降りる

【おりる】動詞

使い分けの視点

「降りる」は重力に任せる「落ちる」と違い、高所・乗り物・役目から自分の意志で離れる動作。「下車」は移動の報告、「身を引く」は役割の辞退、「幕を引く」は完了を表す。下降を敗北でなく決断として描き、直後に足が触れる地面や風を置くと選択が見える。

同義語

同品詞の類義語

下山する
下車する
身を引く文芸的

類義句

同品詞の慣用的言い換え

足を地につける文芸的
腰を下ろす
幕を引く文芸的

直喩変換

「Xのような」「Xみたいに」形式の直喩

舞い落ちる羽のような文芸的
霧が下りてくるような文芸的
帳が下ろされるような文芸的

副詞的言い換え

情態副詞・形容詞の副詞的変換

静かに
そろりと文芸的
ゆっくりと

体言的言い換え

用言を体言に変換

下降
下山
退場

婉曲・強調変換

ニュアンスの増減(婉曲化・強調化)

身を退く文芸的
足を下ろす
舞台を去る文芸的

関連語を探す

語釈エッセイと合わせて読む表現

下の語釈エッセイの論点とつながる言い換え・関連表現です。

決断後の一歩エッセイ関連

例文: 少年は予定外の駅で降り、冷たいホームに立った。「決断後の一歩」で初めて、自分が選んだ未来の遠さを知った。

決意は下り階段を使う——場面を動かす動詞の設計

主人公がひと駅手前で電車を降りる。ただそれだけの動作なのに、読者は何かが変わる予感を受け取ります。乗り物は物語の中で「流れ」の装置として働くからです。路線は決まっていて、乗っている限り人物は自動的に運ばれていく。約束の場所へ、決められた未来へ。その流れから自分の足で離脱した瞬間、人物は選択の主体に戻ります。だから場面の変わり目に置かれた下車の一文は、移動の報告ではなく決意の身体化として機能する。予定どおりの駅で降ろすか、ひと駅手前で降ろすか、それとも終点まで運んでしまうか——プロットの分岐点は、案外ホームの上にあります。

この動詞の中核にあるのは意志です。「落ちる」は重力に負けることで、「下がる」は位置の変化を外から述べる言い方ですが、「降りる」だけは、高い場所や乗り物を自分の判断で離れる動作を指します。「主役を降りる」「勝負から降りる」という比喩が成立するのはそのためです。同じ辞任でも、会長の座から「落ちた」と書けば失墜になり、「降りた」と書けば決断になる。出来事は同じでも、動詞ひとつで人物の尊厳が変わります。
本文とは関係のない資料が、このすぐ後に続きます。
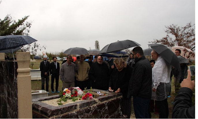
provinces, there are still no At the Armenian Cemetery in Malatya

According to statistics from Silas Ministries, in the last ten years the number of Protestant Christians in Turkey has roughly doubled, from about 3,000 in 2007 to about 6,000 today. In that time, the number of Protestant churches has risen from about 100 to about 150 today. However, in more than 30 of the 81
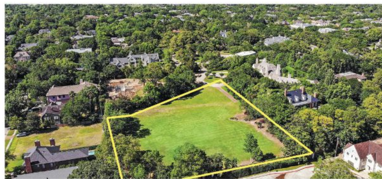
5 Briarwood Court | River Oaks | $8,900,000 2 Acre Estate Lot
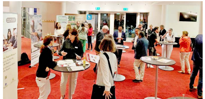
Lively exchange between the participants
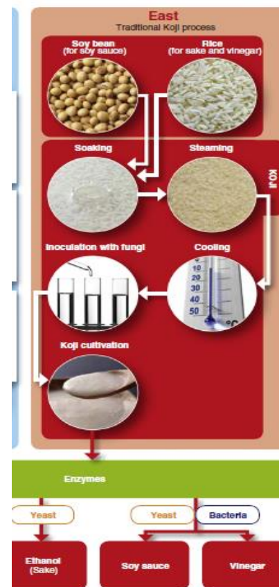
Figure 2. Basic koji process (Zhu and Tramper, 2013) 3
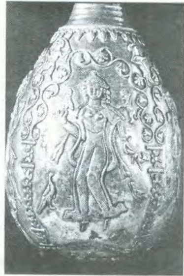
Figure 2 Silver vase showing a female holding a panther and a bird, National Museum, Tehran.

From the surviving objects of Sasanian silverwork, it seems that, after the royal figure depicted on the body of silver vessels, the numerous female figures, in dancing or walking pose, might be the next in terms of quantity. In addition, a small subset of female figures includes musicians playing the flute, guitar, or harp. The motifs are depicted on the body of a variety of vessels such as vases (Figures 1, 2), ewers (Figures 3, 4), plates (Figure 5), and bowls (Figure 6) with vase predominating. The exterior surface of the vessels, particularly in ewers and vases, is usually divided into two to four or six segments in the form of arched frames, each showing a female figure with a number of distinctive details, often holding different objects.
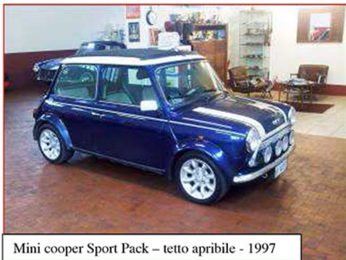
Mini cooper Sport Pack – tetto apribile - 1997
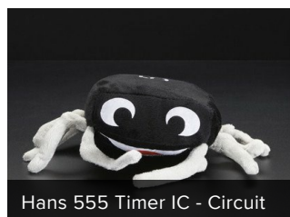
Hans 555 Timer IC - Circuit
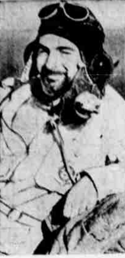
An R. A. F. pilot—looking like a modern version of Lawrence of Arabia—takes it easy after bagging three planes in Libya.
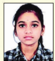
Narsingoju navya sri 20WNIR0053
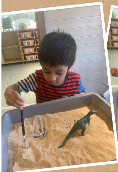
Our new resident archeologists digging for dinosaur bones. They needed to be so careful to use the brush to move the sand to find the bones.
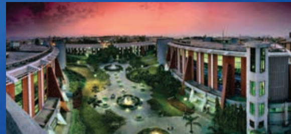
2003 SP Infocity, Pune
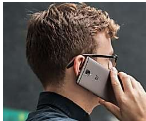
Why The OnePlus 3T Should Be Your Next Phone | StuffTV OnePlus 3T

書き手が選んでいるのは移動の方向ではなく、その移動を誰が所有しているか、です。

物語の文法では、上昇は獲得と、下降は喪失と結びつきがちです。ところがこの語は、その等式に従わない数少ない下降動詞です。山を下りる者は登頂を済ませた者であり、舞台を降りる者は演じ終えた者である。下降でありながら、完了の含みを持つ——この二重性を使えば、撤退の場面を敗北として書かずに済みます。長年の競争から身を引く人物を、負けた人としてではなく山を下りる人として描く。読者が受け取る印象は、挫折ではなく、ひとつの季節を生き切った者の静けさに近づきます。負けを書かずに区切りを書けるのは、この動詞の得がたい特技です。

主語が人でない用法も見逃せません。霧が下りる、幕が下りる、霜が下りる。こちらは世界の側が静かに降下してくる言い方で、人物の決断とは逆向きの効果を持ちます。人が降りる文は場面を動かし、幕や霧が下りる文は場面を閉じる。章の末尾に「窓の外に夜が下りてきた」と一文置けば、読者は無意識にひと区切りを感じ取ります。開くためにも閉じるためにも使える動詞は、場面転換の道具箱の中でもかなり便利な部類に入ります。

一方で、下車の場面は使い古されてもいます。夜のホーム、発車ベル、閉まるドアの向こうに残る顔。連載小説を何本か読めば、同じ絵に繰り返し出会います。手垢を落とす近道は、動作そのものを凝って書くことではなく、降りた直後の一歩目を書くことです。ホームに立って初めて気づく風の冷たさ、網棚に置き忘れた傘、思っていたより遠い改札。決断の重さは決断の瞬間ではなく、その直後の細部に宿ります。動詞は一瞬で終わる。けれど降りたあとの時間は、読者がまだ余韻の中にいるかぎり、書き手が好きなだけ引き延ばせる領土です。